* [Provided material]:
###
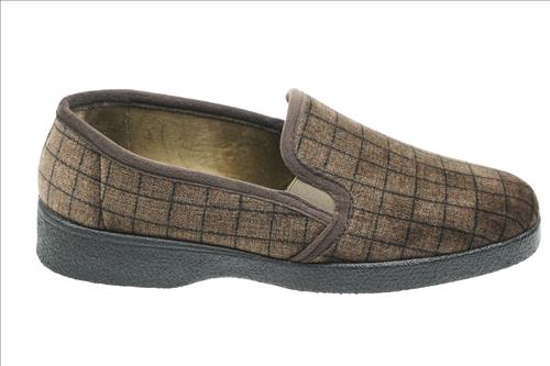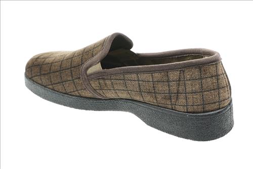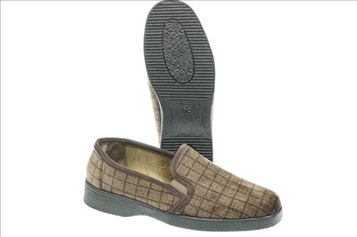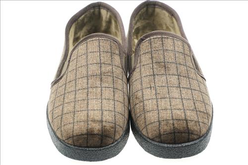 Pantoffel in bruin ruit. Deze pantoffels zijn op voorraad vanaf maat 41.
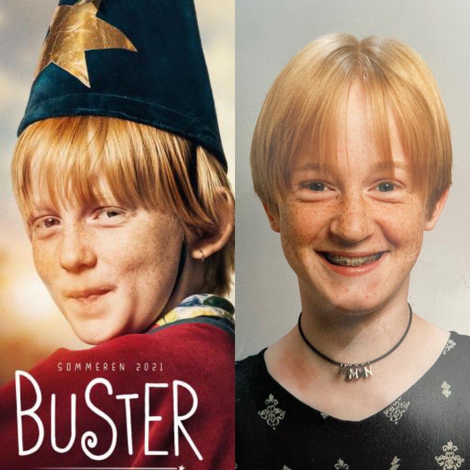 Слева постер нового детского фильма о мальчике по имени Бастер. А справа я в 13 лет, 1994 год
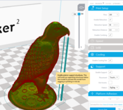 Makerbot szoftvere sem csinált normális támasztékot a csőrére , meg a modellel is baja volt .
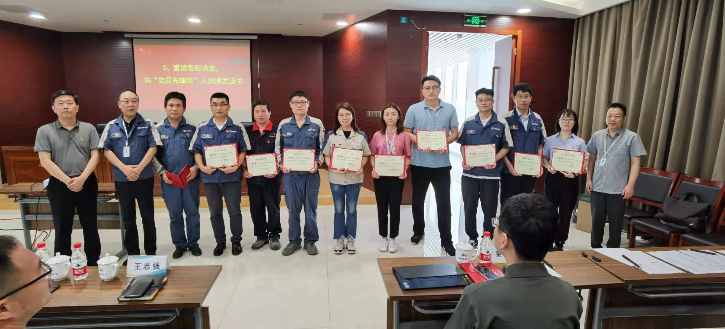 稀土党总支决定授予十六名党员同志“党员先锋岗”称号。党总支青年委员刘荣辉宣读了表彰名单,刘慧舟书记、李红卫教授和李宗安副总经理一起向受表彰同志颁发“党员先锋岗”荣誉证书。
###
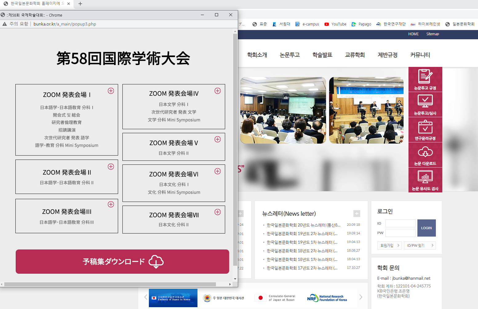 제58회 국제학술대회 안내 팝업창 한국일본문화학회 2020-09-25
###
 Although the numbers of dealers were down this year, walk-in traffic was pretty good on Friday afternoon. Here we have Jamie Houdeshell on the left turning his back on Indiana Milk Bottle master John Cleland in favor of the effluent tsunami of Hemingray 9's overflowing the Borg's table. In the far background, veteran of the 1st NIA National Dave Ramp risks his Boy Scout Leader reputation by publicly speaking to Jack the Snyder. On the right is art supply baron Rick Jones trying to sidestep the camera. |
###
* [What is required]: Only the lines above starting with the line with "Pantoffel in bruin" and going on through the line with "稀土党总支决定授予十六名党员" belong in the answer; repeat them exactly, minus any picture.

* [Your response]:
 Pantoffel in bruin ruit. Deze pantoffels zijn op voorraad vanaf maat 41.
 Слева постер нового детского фильма о мальчике по имени Бастер. А справа я в 13 лет, 1994 год
 Makerbot szoftvere sem csinált normális támasztékot a csőrére , meg a modellel is baja volt .
 稀土党总支决定授予十六名党员同志“党员先锋岗”称号。党总支青年委员刘荣辉宣读了表彰名单,刘慧舟书记、李红卫教授和李宗安副总经理一起向受表彰同志颁发“党员先锋岗”荣誉证书。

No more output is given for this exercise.